As in past acquisition binges, the fear of missing out can compel unwise transactions. The pace of dealmaking in 2021 may be creating that type of frenzy. As of June, global mergers and acquisitions in 2021 totaled a record $2.4 trillion, up 158 percent from the same period last year, according to a report by Refinitiv Deals Intelligence. As the velocity of deals increases and a good portion of dealmaking remains in a virtual and remote setting, M&A due diligence is becoming “shorter, faster and with less lead time,” said Dan Hawkins, CEO at board advisory firm Summit Leadership Partners. “If any due diligence on the [target’s] management team takes place, it is often an hour of time with each person and is surface at best.”

It’s easy to trip when you run too fast and can’t see the ground below. Today’s accelerated dealmaking environment is occurring on such terrain, the M&A advisors and experts contend. Nevertheless, the board can suggest ways to finish the deal and finish it well.

For example, Thomas Smale, board member at LTV Fund, recommends spreading the due diligence across functions. “Every function, like operations, HR, IT, supply chain and so on, should be tasked to spend some time with their counterpart at the target company,” he said. “To assess the flexibility of work, the HR leader at the acquirer can discuss the subject with the HR leader at the target. To determine the levels of digital readiness and cybersecurity, the CISOs, CIOs and/or chief data officers at both companies can get together and converse.”

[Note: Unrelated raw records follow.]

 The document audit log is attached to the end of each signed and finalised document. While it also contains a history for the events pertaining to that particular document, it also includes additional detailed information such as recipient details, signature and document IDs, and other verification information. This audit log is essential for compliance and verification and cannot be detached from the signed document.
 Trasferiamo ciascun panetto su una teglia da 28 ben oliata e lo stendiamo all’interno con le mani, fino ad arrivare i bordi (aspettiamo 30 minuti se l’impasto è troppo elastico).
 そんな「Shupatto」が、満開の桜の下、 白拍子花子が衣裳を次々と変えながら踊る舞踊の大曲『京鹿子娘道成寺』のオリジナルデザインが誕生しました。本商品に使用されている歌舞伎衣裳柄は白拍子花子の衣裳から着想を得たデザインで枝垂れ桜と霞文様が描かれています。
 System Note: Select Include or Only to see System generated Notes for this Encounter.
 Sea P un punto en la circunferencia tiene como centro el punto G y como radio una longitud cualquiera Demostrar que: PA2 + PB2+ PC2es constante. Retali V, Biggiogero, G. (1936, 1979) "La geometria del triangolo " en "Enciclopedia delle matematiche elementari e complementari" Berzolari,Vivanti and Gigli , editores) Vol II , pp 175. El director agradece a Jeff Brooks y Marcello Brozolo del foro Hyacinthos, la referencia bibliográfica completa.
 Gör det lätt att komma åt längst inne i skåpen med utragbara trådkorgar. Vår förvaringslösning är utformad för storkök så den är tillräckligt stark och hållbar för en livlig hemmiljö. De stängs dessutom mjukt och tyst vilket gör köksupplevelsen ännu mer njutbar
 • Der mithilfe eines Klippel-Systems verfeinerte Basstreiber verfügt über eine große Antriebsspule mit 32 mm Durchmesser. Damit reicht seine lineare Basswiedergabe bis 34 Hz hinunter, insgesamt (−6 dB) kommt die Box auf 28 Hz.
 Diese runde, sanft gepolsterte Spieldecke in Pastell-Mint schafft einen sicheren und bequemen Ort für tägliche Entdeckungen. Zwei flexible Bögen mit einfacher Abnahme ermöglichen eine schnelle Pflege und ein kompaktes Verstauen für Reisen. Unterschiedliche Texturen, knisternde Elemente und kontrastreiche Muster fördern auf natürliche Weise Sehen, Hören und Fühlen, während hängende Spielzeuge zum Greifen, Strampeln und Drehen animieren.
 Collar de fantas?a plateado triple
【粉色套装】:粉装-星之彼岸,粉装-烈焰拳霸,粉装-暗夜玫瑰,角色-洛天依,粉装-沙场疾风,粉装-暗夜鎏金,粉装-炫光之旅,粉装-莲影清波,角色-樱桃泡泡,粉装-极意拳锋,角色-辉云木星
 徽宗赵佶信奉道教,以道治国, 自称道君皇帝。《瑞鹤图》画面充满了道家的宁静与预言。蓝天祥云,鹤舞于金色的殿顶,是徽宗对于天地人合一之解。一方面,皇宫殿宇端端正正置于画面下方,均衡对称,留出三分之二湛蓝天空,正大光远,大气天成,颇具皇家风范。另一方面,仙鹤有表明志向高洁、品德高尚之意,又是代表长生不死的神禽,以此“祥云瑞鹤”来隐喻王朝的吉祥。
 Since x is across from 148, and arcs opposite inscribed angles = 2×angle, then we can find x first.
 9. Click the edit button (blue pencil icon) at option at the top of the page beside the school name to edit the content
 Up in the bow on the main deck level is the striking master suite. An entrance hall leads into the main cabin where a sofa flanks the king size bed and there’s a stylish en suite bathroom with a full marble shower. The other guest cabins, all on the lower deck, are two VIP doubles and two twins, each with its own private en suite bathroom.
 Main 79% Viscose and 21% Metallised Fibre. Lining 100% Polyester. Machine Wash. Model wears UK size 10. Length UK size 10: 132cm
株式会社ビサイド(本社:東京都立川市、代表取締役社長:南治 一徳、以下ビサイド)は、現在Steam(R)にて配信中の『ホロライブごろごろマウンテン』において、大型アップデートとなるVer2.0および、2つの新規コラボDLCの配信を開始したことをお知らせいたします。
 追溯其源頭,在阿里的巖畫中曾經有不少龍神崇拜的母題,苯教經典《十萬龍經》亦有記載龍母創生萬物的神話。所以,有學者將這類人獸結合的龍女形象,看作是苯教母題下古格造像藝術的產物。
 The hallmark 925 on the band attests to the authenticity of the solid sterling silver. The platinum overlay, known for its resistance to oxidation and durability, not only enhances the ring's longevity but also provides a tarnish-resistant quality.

It’s a solid idea, one that boards should promote to safeguard that nothing is swept under the rug, including the newer issues dominating modern due diligence. “The board’s most important task in an M&A transaction is making sure the deal is a clear strategic fit,” said Smale. “To do that, members need to know everything that just might stand in the way of achieving the strategy.”

Kasnet has a similar opinion. “It used to be that growing for the sake of getting bigger was a reason to acquire or merge; that’s no longer something board members should be comfortable with, not anymore,” he said. “Bigger is better when it comes to income, not necessarily size. Anything that can affect future income needs to be on the board agenda.”